Беня Крик, король Молдаванки, неиссякаемый налетчик, подошел к столу и посмотрел на меня. Он посмотрел на меня, и губы его зашевелились, как черви, раздавленные каблуками начдива-восемь.

— Исаак, — сказал Беня, — ты очень грамотный и умеешь писать. Тк умеешь писать об чем хочешь.
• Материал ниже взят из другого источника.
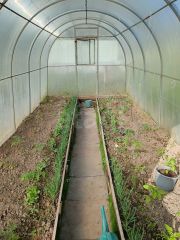 - Обработанный участок с ухоженными грядками и теплицей из поликарбоната.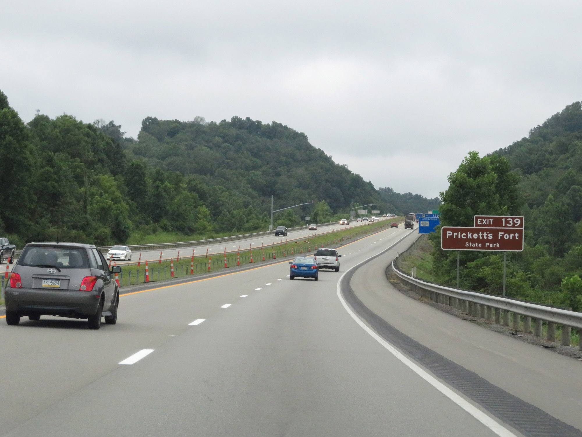 Take Exit 139 to Prickett's Fort State Park. (Photo taken 8/9/19). |

Напиши, чтоб вся Одесса смеялась с меня в кинематографе.

— Беня, — ответил я, содрогаясь, — я написал за тебя много печатных листов, но, накажи меня бог, Беня, я не умею составить сценариев.

— Очкарь! — закричал Беня ослепительным шепотом и, вытащив неописуемый наган, помахал им. — Сделай мне одолжение, или я сделаю тебе неслыханную сцену!

— Беня, — ответил я, ликуя и содрогаясь, — не хватай меня за грудки, Беня. Я постараюсь сделать, об чем ты просишь.

— Хорошо, — пробормотал Беня и похлопал меня наганом по спине.

Он похлопал меня по спине, как хлопают жеребца на конюшне, и сунул наган в неописуемые складки своих несказанных штанов.

За окном, в незатейливом небе, сияло ликующее солнце. Оно сияло, как лысина утопленника, и, неописуемо задрожав, стремительно закатилось за невыносимый горизонт.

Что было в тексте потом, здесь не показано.